Howie B — the Scottish producer who seemed to orbit every corner of 1990s sound culture — made an album here that doesn’t belong to any one world. Too textural for club music, too playful for ambient, too soulful for electronica. It exists in that twilight space between genres, where listening becomes instinct, not intention.
The first time I heard it, I was working in a shop that closed late. Someone put it on after hours, and within a track or two the fluorescent light felt softer, conversation quieter. It didn’t demand attention; it just changed the temperature of the room. That’s what Howie B does — he alters the air pressure of sound.
The opener, “Phunk,” sets the tone with loose drums and rubbery bass that rolls like a tide underfoot. It’s imperfect, deliberate, human. Then “Take Your Partner by the Hand,” his duet with Robbie Robertson, arrives like an apparition — spoken word and dub texture, folk and trip-hop shaking hands across time. It shouldn’t work, but it does, because Howie understands that emotion hides in imperfection.
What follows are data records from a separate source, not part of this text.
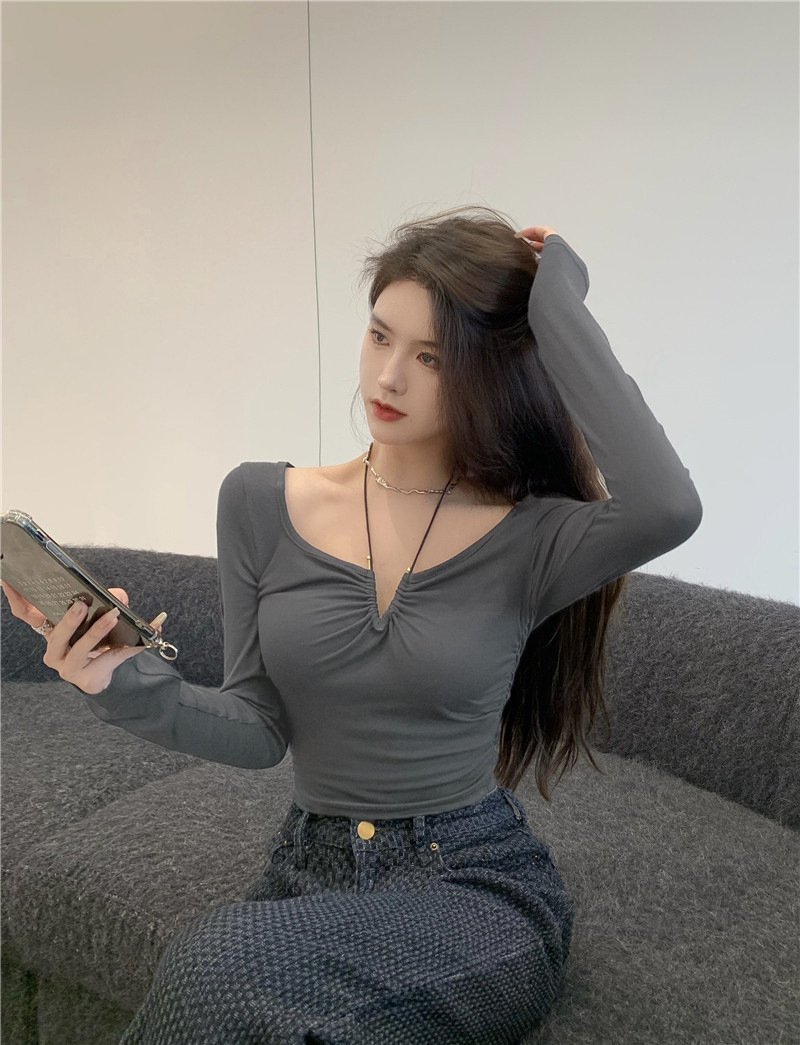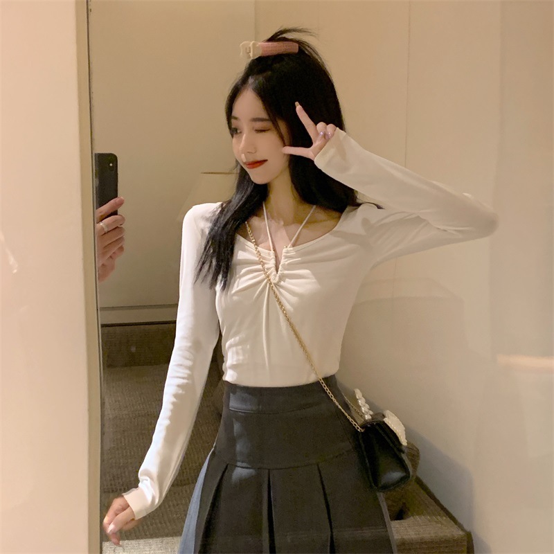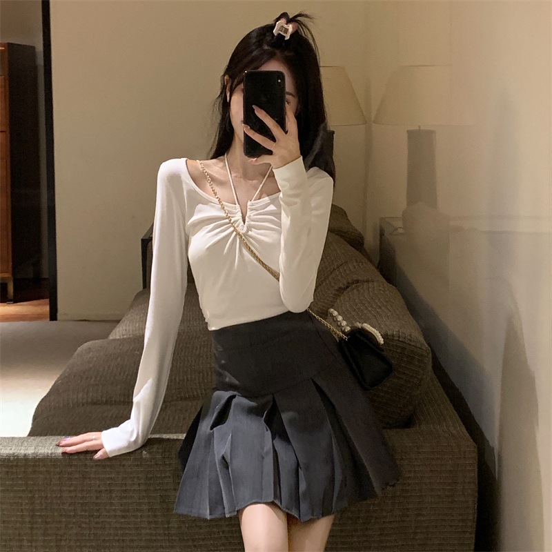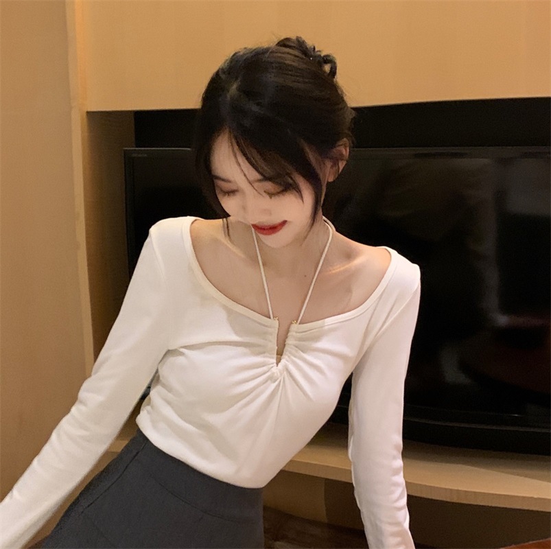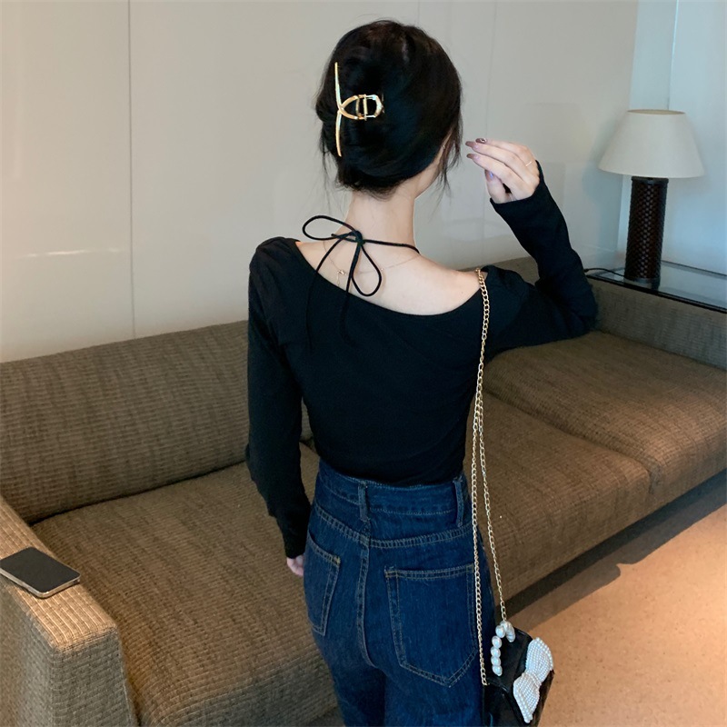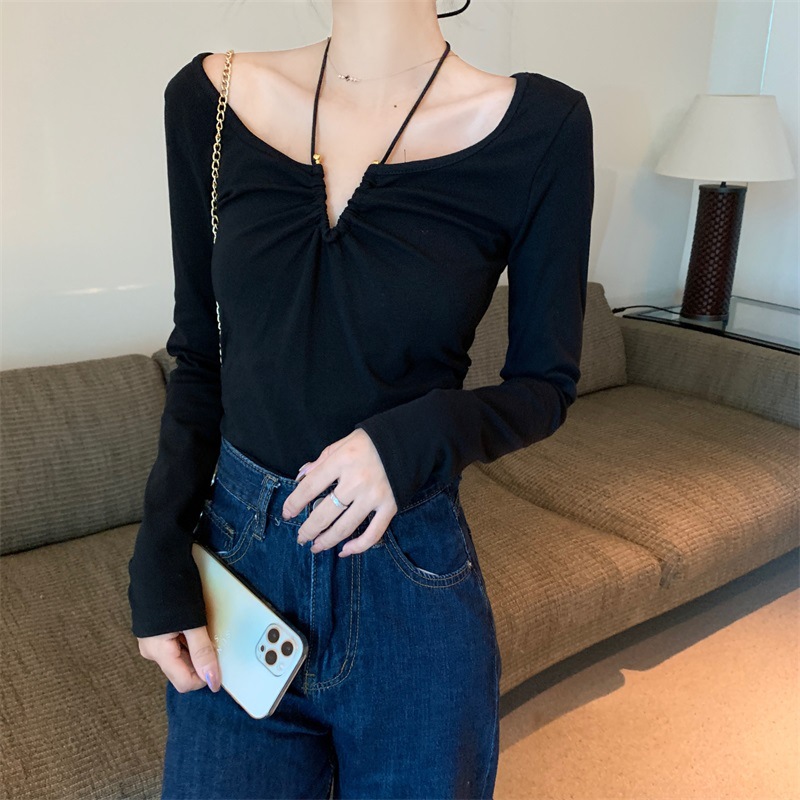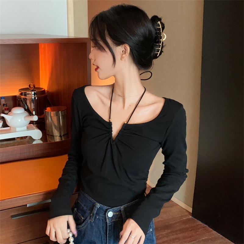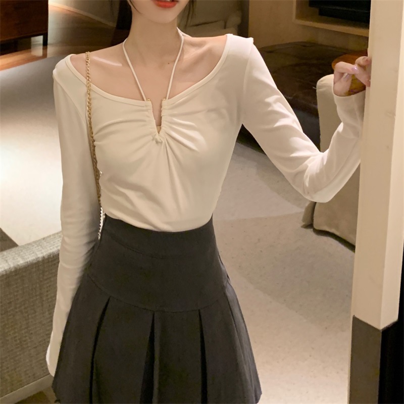 【性感纯欲❗️新款显瘦辣妹T恤】修身显瘦,设计感露锁骨,超美打底长袖女打底上衣女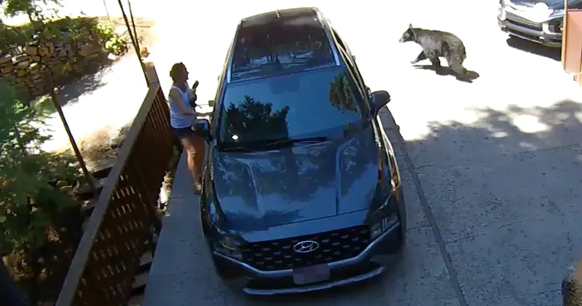 Kalifornia, Homewood – Egy szokatlan és megdöbbentő eset tanúi lehettek az arra járók, amikor egy nő a garázsához indult, és váratlanul egy fekete medve mászott ki az autójából. A szituáció csak egy biztonsági kamerának köszönhetően vált nyilvánossá, amely rögzítette az eseményeket. Ahogy a nő kilépett házából a garázsfeljáróra, egy autó dudált, ekkor jött a medve, amely a letekert ablakon át mászott ki az SUV-ból.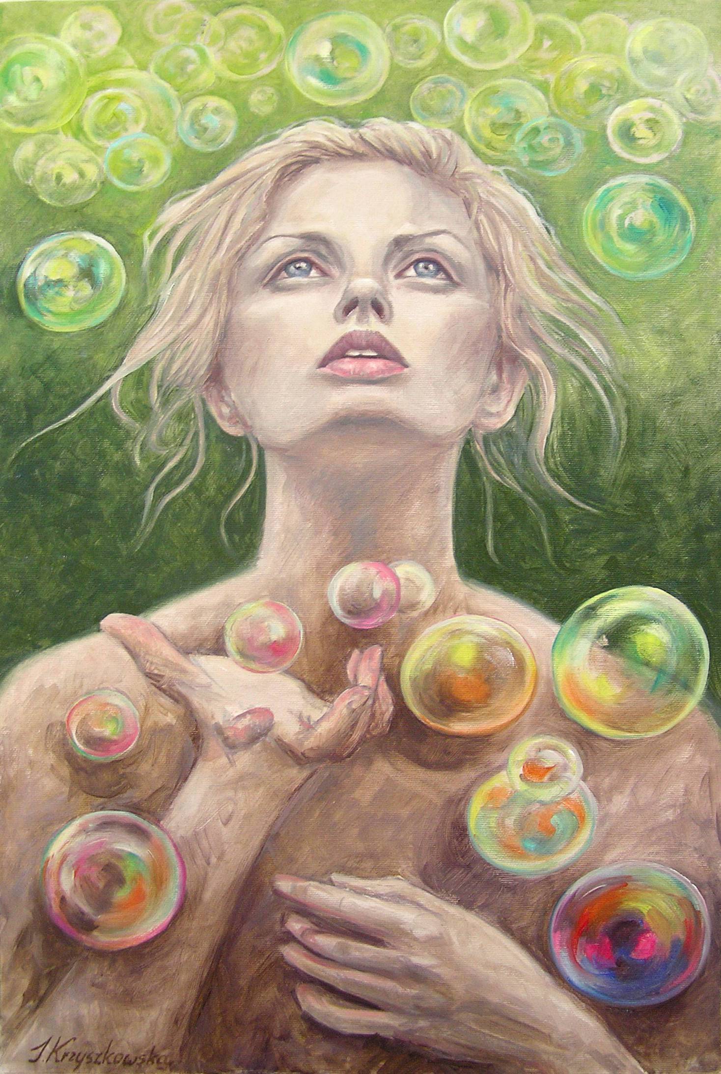 Obraz emanuje eterycznym pięknem, przedstawiając postać w otoczeniu fantazyjnych baniek mydlanych. Dominują tu miękkie, delikatne odcienie zieleni i beżu, które tworzą harmonijną kompozycję. Bańki unoszą się wokół kobiety, jakby tańczyły w powietrzu, odbijając subtelne przebłyski tęczy. Kształty są łagodne, a każda bańka lśni refleksami kolorowego światła. Atmosfera obrazu jest niemal marzycielska, pełna nostalgii i niewinności. Styl przypomina impresjonizm, z delikatnymi pociągnięciami pędzla, które dodają wrażenia ruchu i lekkości. Obraz może wywoływać emocje związane z dzieciństwem i beztroskimi chwilami. Czujemy się jakbyśmy mogli dotknąć tych baniek—może z czasów, gdy biegaliśmy po ogródku, chichocząc na widok balonów przemykających nam nad głową. Wow, takie fajne bańki! Technika artysty podkreśla ulotność momentu, dając wrażenie, że czas na chwilę się zatrzymał. Jest coś magicznego, almost mystical, w sposobie, w jaki uchwycono światło i ruch. Obraz skłania do refleksji nad chwilami, które są ulotne, ale pozostawiają trwałe ślady w naszej pamięci. To jak spojrzenie przez kalejdoskop, gdzie każdy element ma swoje miejsce, tworząc jednocześnie coś większego, co nas porusza. Naprawdę wyjątkowe uczucie.

What’s remarkable is how unhurried it all feels. Every beat, every loop, every sigh of synth arrives with purpose. There’s space around the sound, as if each frequency has been given permission to breathe. Through a good system, the mix feels sculpted — sub-bass humming like memory, hi-hats panned like distant traffic, organs fading into dusk.
Turn the Dark Off is a study in tone. The rhythms are dusty but clean, grooves built not from drums but from gestures. You can hear fingers sliding, faders easing, reverb tails left to dissolve naturally. It’s music that trusts process more than perfection.
“Control” carries that same quiet swagger — bassline steady, keys barely touching the surface. “Cook for You” brings warmth and humour, with its soft funk and gently absurd title. It’s as if Howie is smiling at the whole idea of genres, taking what he needs from each and leaving the rest behind.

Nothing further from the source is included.